Side Effects of Flu Vaccines for Children

The side effects from flu vaccines for children are mild. They include:

  • Redness or soreness at the site of the injection
  • Low-grade fever
  • Aches

Remember that flu vaccines for children cannot give your child the flu. More serious side effects are very rare.

Allergic reactions are a risk with any medicine. Signs of allergic reaction to a flu vaccine include:

  • Trouble breathing
  • Hives
  • Paleness
  • Weakness
  • Fast heartbeat
  • Dizziness

If you see any of these signs, get emergency help.

Flu vaccines for children may not be safe for everyone.
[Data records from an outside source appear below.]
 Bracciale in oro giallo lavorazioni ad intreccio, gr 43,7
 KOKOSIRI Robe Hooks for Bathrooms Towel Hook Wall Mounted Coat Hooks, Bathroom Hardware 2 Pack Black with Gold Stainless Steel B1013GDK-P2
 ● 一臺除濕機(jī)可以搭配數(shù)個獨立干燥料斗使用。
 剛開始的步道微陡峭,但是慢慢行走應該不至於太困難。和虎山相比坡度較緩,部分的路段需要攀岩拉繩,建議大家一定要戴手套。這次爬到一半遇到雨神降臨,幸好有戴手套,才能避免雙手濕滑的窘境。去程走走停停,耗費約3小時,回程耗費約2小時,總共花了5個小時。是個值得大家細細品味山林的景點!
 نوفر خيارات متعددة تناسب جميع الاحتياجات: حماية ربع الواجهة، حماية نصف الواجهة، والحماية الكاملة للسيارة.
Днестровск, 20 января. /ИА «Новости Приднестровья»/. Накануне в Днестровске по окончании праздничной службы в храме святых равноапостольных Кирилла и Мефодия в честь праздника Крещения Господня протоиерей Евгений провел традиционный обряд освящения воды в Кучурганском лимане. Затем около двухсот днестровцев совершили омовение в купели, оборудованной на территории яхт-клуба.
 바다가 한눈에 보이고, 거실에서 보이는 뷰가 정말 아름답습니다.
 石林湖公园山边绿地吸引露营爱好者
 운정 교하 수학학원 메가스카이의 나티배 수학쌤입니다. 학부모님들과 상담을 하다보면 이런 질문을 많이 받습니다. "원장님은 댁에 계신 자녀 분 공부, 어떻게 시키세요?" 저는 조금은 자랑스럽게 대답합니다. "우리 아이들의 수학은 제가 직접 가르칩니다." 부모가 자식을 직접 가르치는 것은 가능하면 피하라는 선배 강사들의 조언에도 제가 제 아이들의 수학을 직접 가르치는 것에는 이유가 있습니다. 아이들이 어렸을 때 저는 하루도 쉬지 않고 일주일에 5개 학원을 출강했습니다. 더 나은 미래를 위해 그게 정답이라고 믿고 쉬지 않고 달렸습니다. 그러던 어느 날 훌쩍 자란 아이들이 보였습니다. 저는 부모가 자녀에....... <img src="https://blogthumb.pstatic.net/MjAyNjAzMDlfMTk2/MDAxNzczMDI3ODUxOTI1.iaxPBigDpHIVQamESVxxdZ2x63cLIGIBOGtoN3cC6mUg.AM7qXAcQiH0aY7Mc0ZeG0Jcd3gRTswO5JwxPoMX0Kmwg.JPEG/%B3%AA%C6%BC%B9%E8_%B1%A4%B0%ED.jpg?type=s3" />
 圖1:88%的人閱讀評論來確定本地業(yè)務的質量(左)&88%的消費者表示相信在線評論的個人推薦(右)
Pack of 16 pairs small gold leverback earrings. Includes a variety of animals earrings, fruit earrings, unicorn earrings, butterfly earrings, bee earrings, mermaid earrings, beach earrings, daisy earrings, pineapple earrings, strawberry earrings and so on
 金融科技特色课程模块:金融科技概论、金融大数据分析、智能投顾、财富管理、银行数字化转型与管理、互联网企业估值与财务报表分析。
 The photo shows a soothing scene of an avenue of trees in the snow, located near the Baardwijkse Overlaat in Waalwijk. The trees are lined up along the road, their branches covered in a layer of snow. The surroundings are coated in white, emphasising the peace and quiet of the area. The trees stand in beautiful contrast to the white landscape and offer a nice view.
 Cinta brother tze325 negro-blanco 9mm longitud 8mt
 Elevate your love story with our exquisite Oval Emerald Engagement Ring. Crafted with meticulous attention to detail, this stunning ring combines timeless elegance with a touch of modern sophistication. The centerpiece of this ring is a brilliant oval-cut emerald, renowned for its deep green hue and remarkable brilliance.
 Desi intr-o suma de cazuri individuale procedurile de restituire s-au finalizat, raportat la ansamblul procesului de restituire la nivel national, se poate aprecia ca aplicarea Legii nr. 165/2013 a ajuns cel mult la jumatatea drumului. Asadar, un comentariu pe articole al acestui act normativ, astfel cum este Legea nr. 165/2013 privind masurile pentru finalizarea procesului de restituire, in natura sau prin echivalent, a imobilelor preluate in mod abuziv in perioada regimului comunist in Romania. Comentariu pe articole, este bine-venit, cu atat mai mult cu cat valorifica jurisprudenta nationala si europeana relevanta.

Your pediatrician may not want to vaccinate your child if he or she:

  • Has had severe allergic reactions to past flu vaccines
  • Has ever had Guillain-Barré Syndrome, an immune system disorder
  • Is currently sick 

It's long been advised that people with allergies to eggs should not get the flu shot. However, the American College of Allergy, Asthma and Immunology says the vaccine contains such a low amount of egg protein that it's unlikely to cause an allergic reaction in those with an egg allergy. If you have a severe egg allergy (anaphylaxis), talk to your doctor before getting the flu vaccine. Also, flu vaccines not made with the use of eggs are available.